The use and introduction of the information criteria may be new for dimension reduction in PPCA model, but our approach is confined to dimension reduction. It has many other applications in predictive computational modeling of physical and biological diverse materials also using machine-learning methods in choosing the optimal kernel function among competing alternative kernels. For more on applications of these, see, for example, Liu and Bozdogan [8] and Liberati et al. [9].

In the literature, often support vector type kernelization is used, but SVM is not free from ill conditioning. In the SVM framework, reduced-rank approximations have been used to carry out the analysis in the reproducing kernel Hilbert feature space (RKHS). With our approach, it is now possible to handle singular ill-posed problems in the analysis of gene expression and NGS data.

In our future study, we will extend the results of this work to cover non-Gaussian PPCA, kernel density PPCA, probabilistic independent component analysis (PICA), and unsupervised mixture model cluster analysis problems as well as choosing the best subset of the genes using the genetic algorithm (GA) with ICOMP as the fitness function and compare their performances with other strategies. Our results will be published and reported separately.
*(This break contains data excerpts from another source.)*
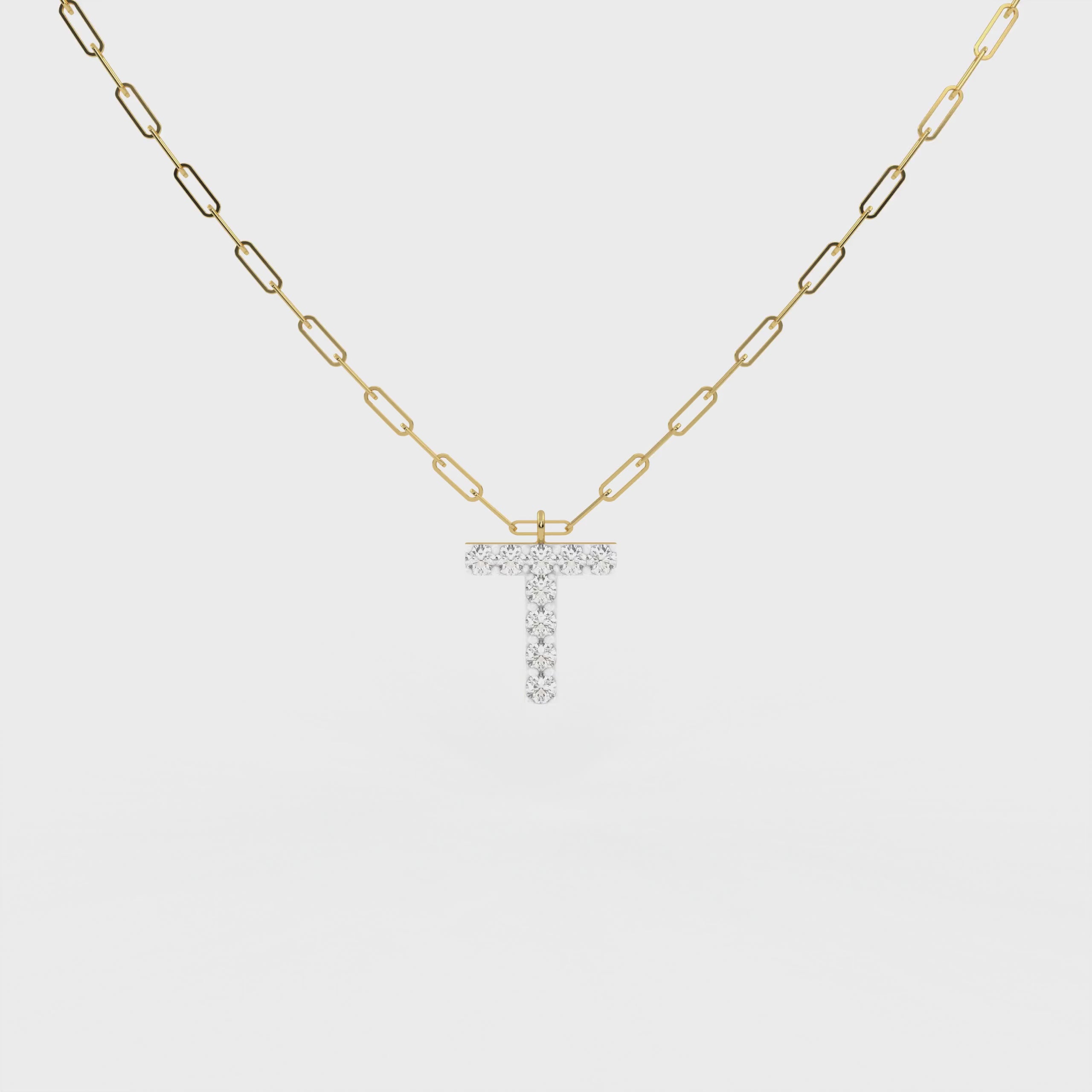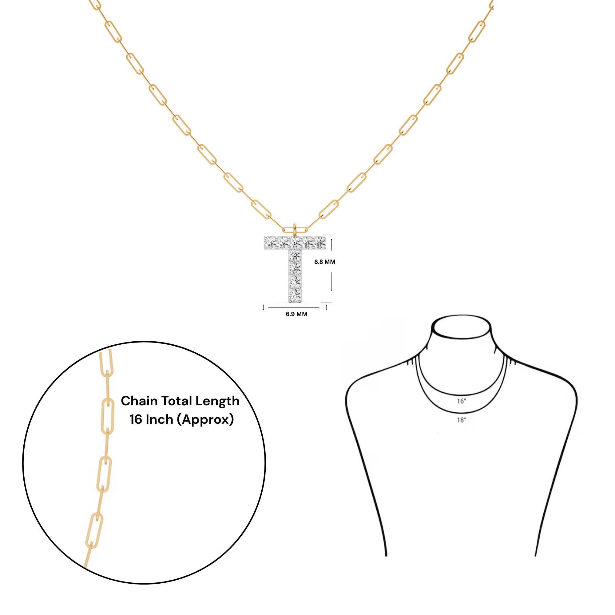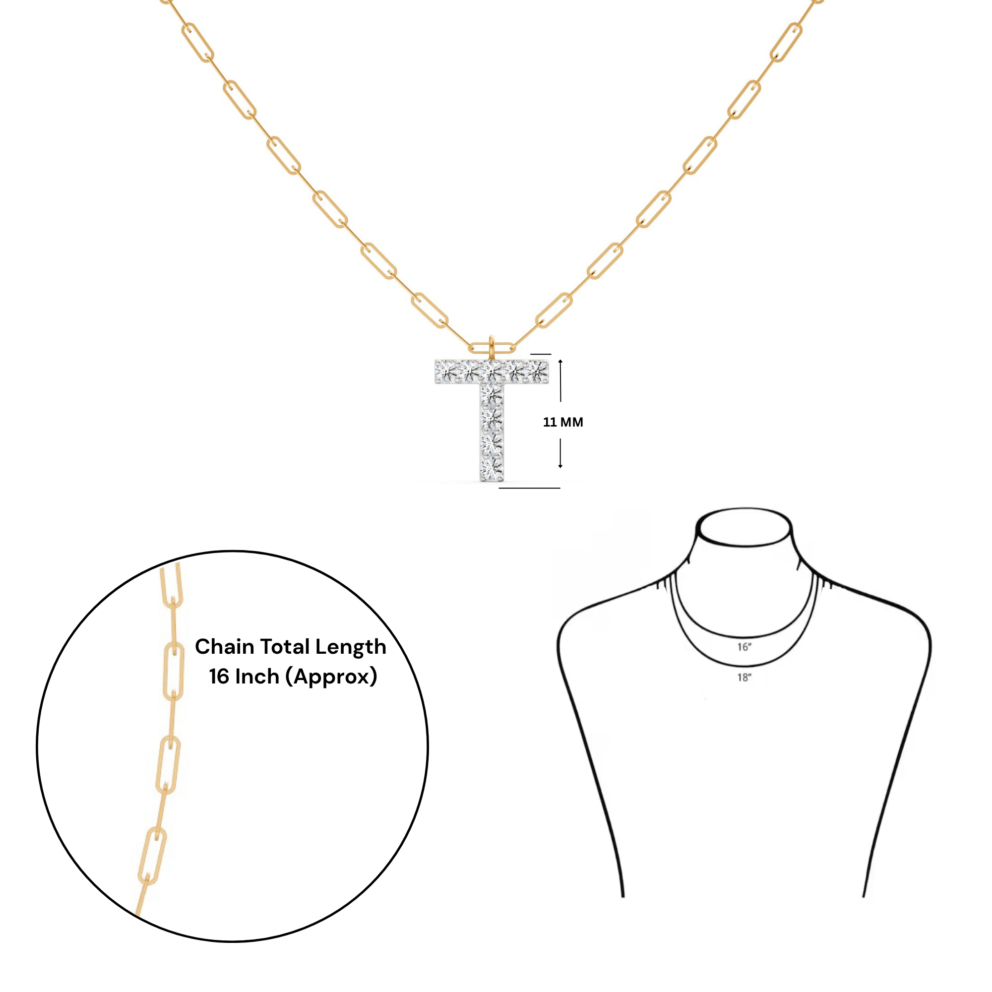 Personalized Letter 'T' Lab-Grown Diamond Necklace in 18K Hallmarked Gold
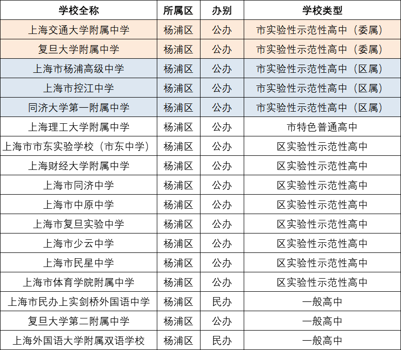 1、杨浦区高中汇总
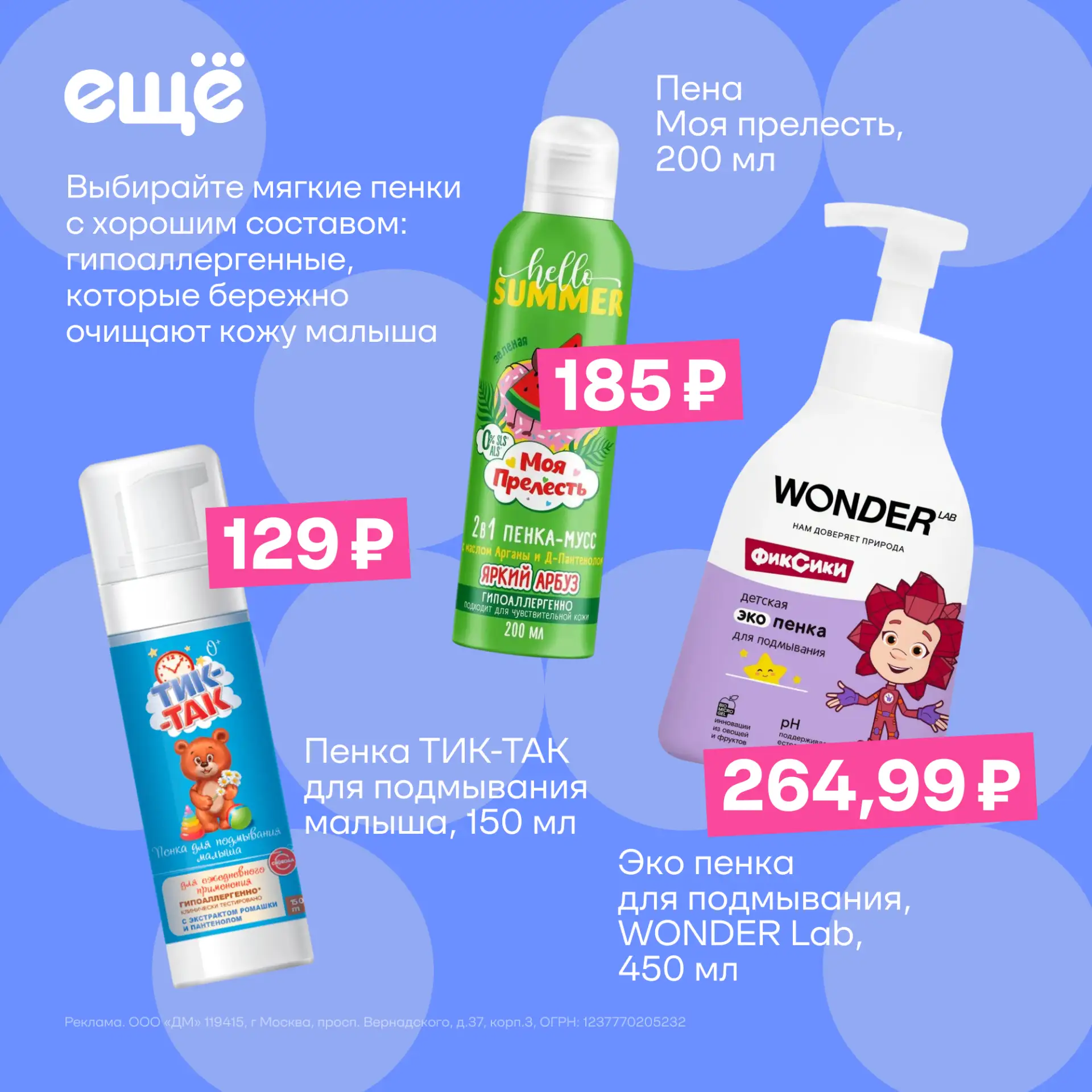 Листайте карточки и узнайте, как сделать уход за малышом лёгким и приятным, и приходите в Ещё за товарами по выгодной цене!

Availability of Supporting Data. The publicly data sets are available at http://www.biomedcentral.com/1471-2105/7/228#B9.

Conflict of Interests

The authors declare that there is no conflict of interests regarding the publication of this paper.

Acknowledgments

Esra Pamukçu would like to thank the Council of Higher Education of Turkey for funding to work with Professor Hamparsum Bozdogan at the University of Tennessee in Knoxville, USA, for three months as a Visiting Doctoral Scholar. Also the supervision and the hospitality of Professor Bozdogan as her coadvisor on these problems are acknowledged and greatly appreciated. Esra would like to thank Professor Çalık as her Department Head for allowing her to visit USA. The authors appreciate the careful reading of this paper by Dr. Kirk Bozdogan of MIT and making valuable comments and corrections, which resulted in the improvement of the paper. The authors also acknowledge the comments and recommendations of anonymous reviewer(s) that improved the quality of this paper. SARIF Publication Award for Professor Bozdogan from the University Tennessee Research Office is greatly acknowledged.